# REQUIRED ACTION
Reproduce the entries word for word, and omit any picture you find in them.

# DATA SHOWN
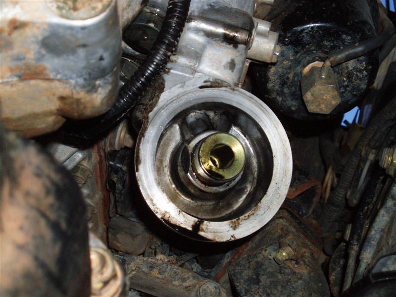 תסתכל על הפילטר הגדול, יושב מעליו הקולר שמן - על הקולר שמן יש בורג גדול... לדעתי יש שם שניים כאלה בסביבה
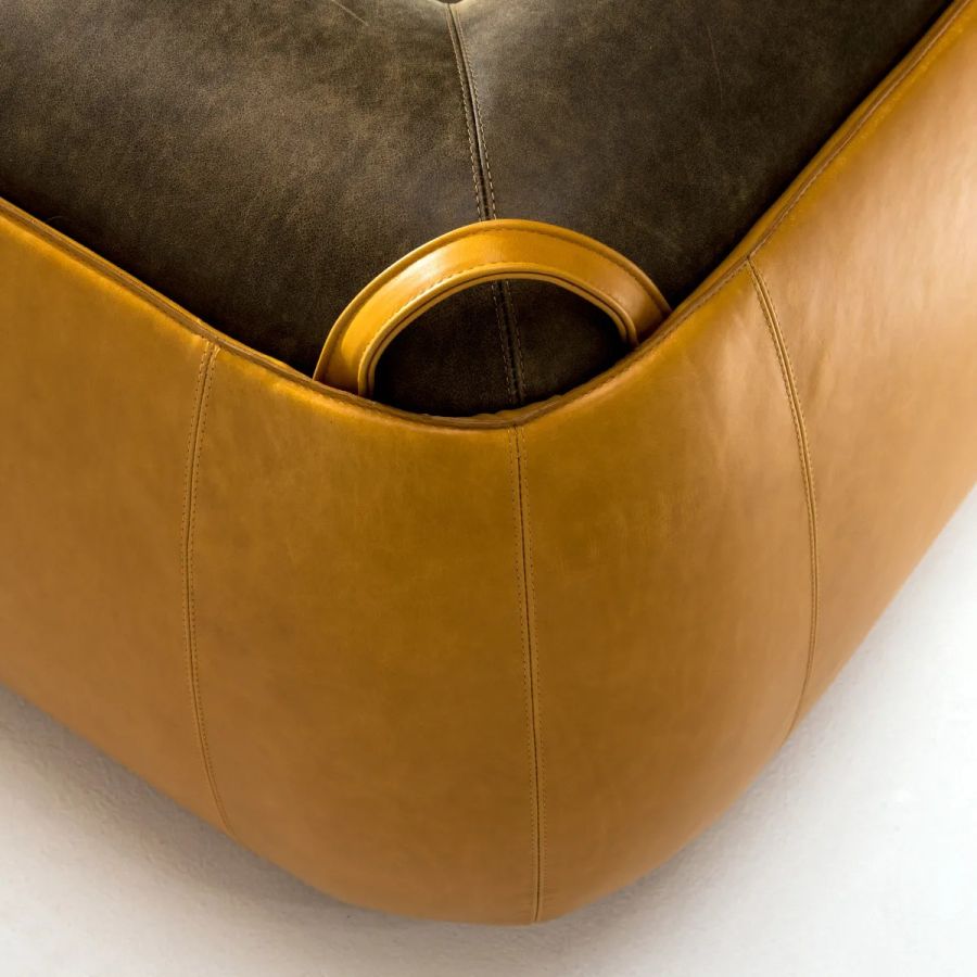 Available in leather, in matt 'Lario' or shiny 'Roxana' velvet or in fabric, and with custom-made decorative cushions.
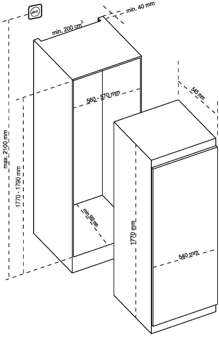 Высота ниши для установки, см 177
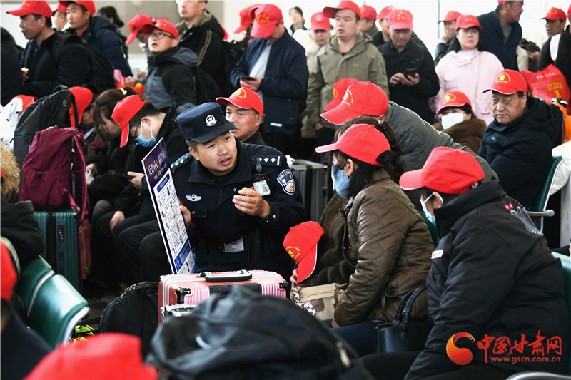 這批務(wù)工人員來(lái)自定西市各縣區(qū),既有復(fù)崗務(wù)工人員也有新聘崗務(wù)工人員,為鋪就這條溫暖返崗路,蘭州鐵路公安處定西北站派出所積極與定西北車站、客運(yùn)部門通聯(lián),專門開(kāi)辟綠色通道,暢通進(jìn)站、安檢、檢票等進(jìn)站環(huán)節(jié),劃定專門候車進(jìn)站區(qū)域,同時(shí),增派警力逐一引導(dǎo)務(wù)工人員有序進(jìn)站,幫助提拿大件行李,講解防范電信詐騙小妙招,進(jìn)一步保障了務(wù)工團(tuán)體旅客乘車安全。
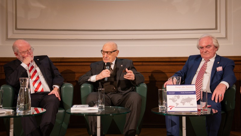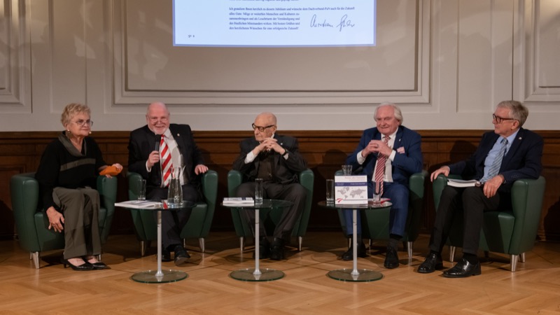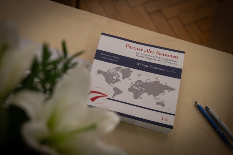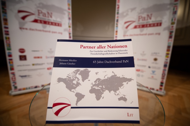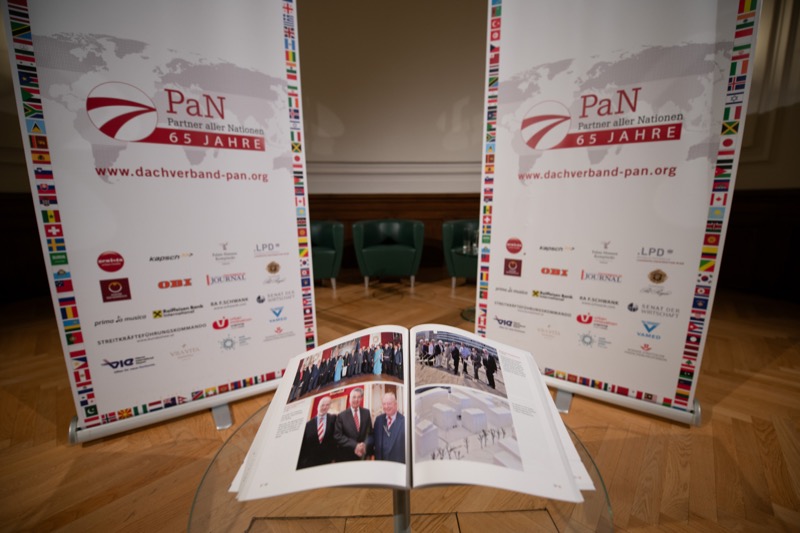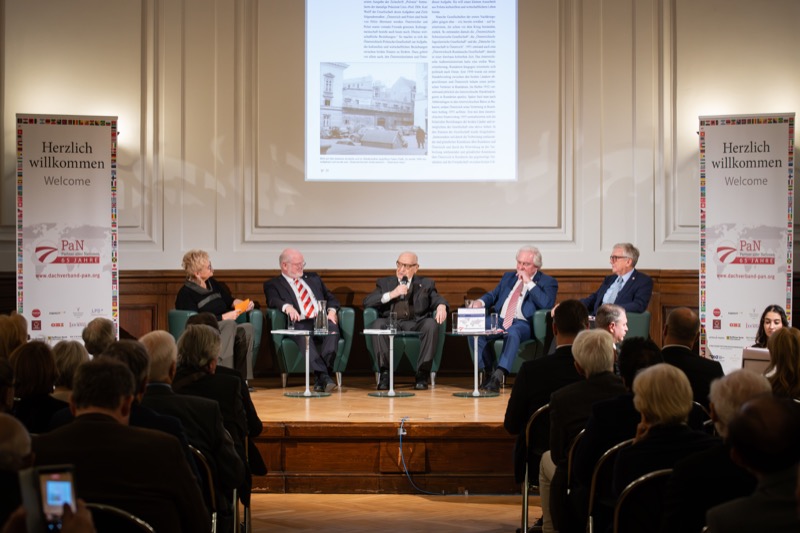 Der Dachverband aller österreichisch-ausländischen Gesellschaften – PaN lud zur Präsentation der PaN-Chronik »65 Jahre Dachverband-PaN« in die Albert Hall in Wien mit den Autoren PaN-Präsident Univ.-Prof. Dr. Hermann Mückler und Prof. Dr. Johann Günther sowie dem Zeitzeugen der Gründung Prof. Dr. Theodor Kanitzer, jahrzehntelanger Präsident der Österreichisch-Polnischen Gesellschaft, moderiert von der ehemaligen ORF-Burgenland-Moderatorin Doris Wagner.
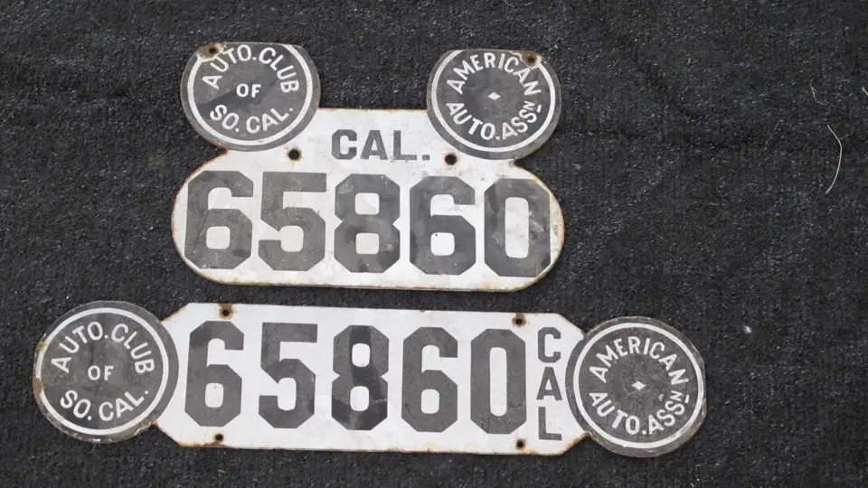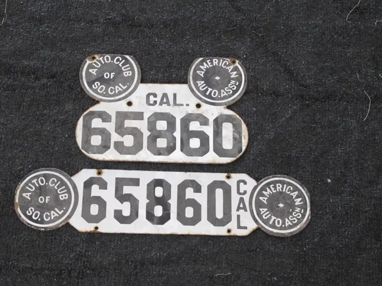 Lot includes a matched pair of porcelain California license plates numbered "65860" in the shape of "Mickey Mouse" and "Dogbone."

# RESULT OF THIS EXERCISE
 תסתכל על הפילטר הגדול, יושב מעליו הקולר שמן - על הקולר שמן יש בורג גדול... לדעתי יש שם שניים כאלה בסביבה
 Available in leather, in matt 'Lario' or shiny 'Roxana' velvet or in fabric, and with custom-made decorative cushions.
 Высота ниши для установки, см 177
 這批務(wù)工人員來(lái)自定西市各縣區(qū),既有復(fù)崗務(wù)工人員也有新聘崗務(wù)工人員,為鋪就這條溫暖返崗路,蘭州鐵路公安處定西北站派出所積極與定西北車站、客運(yùn)部門通聯(lián),專門開(kāi)辟綠色通道,暢通進(jìn)站、安檢、檢票等進(jìn)站環(huán)節(jié),劃定專門候車進(jìn)站區(qū)域,同時(shí),增派警力逐一引導(dǎo)務(wù)工人員有序進(jìn)站,幫助提拿大件行李,講解防范電信詐騙小妙招,進(jìn)一步保障了務(wù)工團(tuán)體旅客乘車安全。
 Der Dachverband aller österreichisch-ausländischen Gesellschaften – PaN lud zur Präsentation der PaN-Chronik »65 Jahre Dachverband-PaN« in die Albert Hall in Wien mit den Autoren PaN-Präsident Univ.-Prof. Dr. Hermann Mückler und Prof. Dr. Johann Günther sowie dem Zeitzeugen der Gründung Prof. Dr. Theodor Kanitzer, jahrzehntelanger Präsident der Österreichisch-Polnischen Gesellschaft, moderiert von der ehemaligen ORF-Burgenland-Moderatorin Doris Wagner.
 Lot includes a matched pair of porcelain California license plates numbered "65860" in the shape of "Mickey Mouse" and "Dogbone."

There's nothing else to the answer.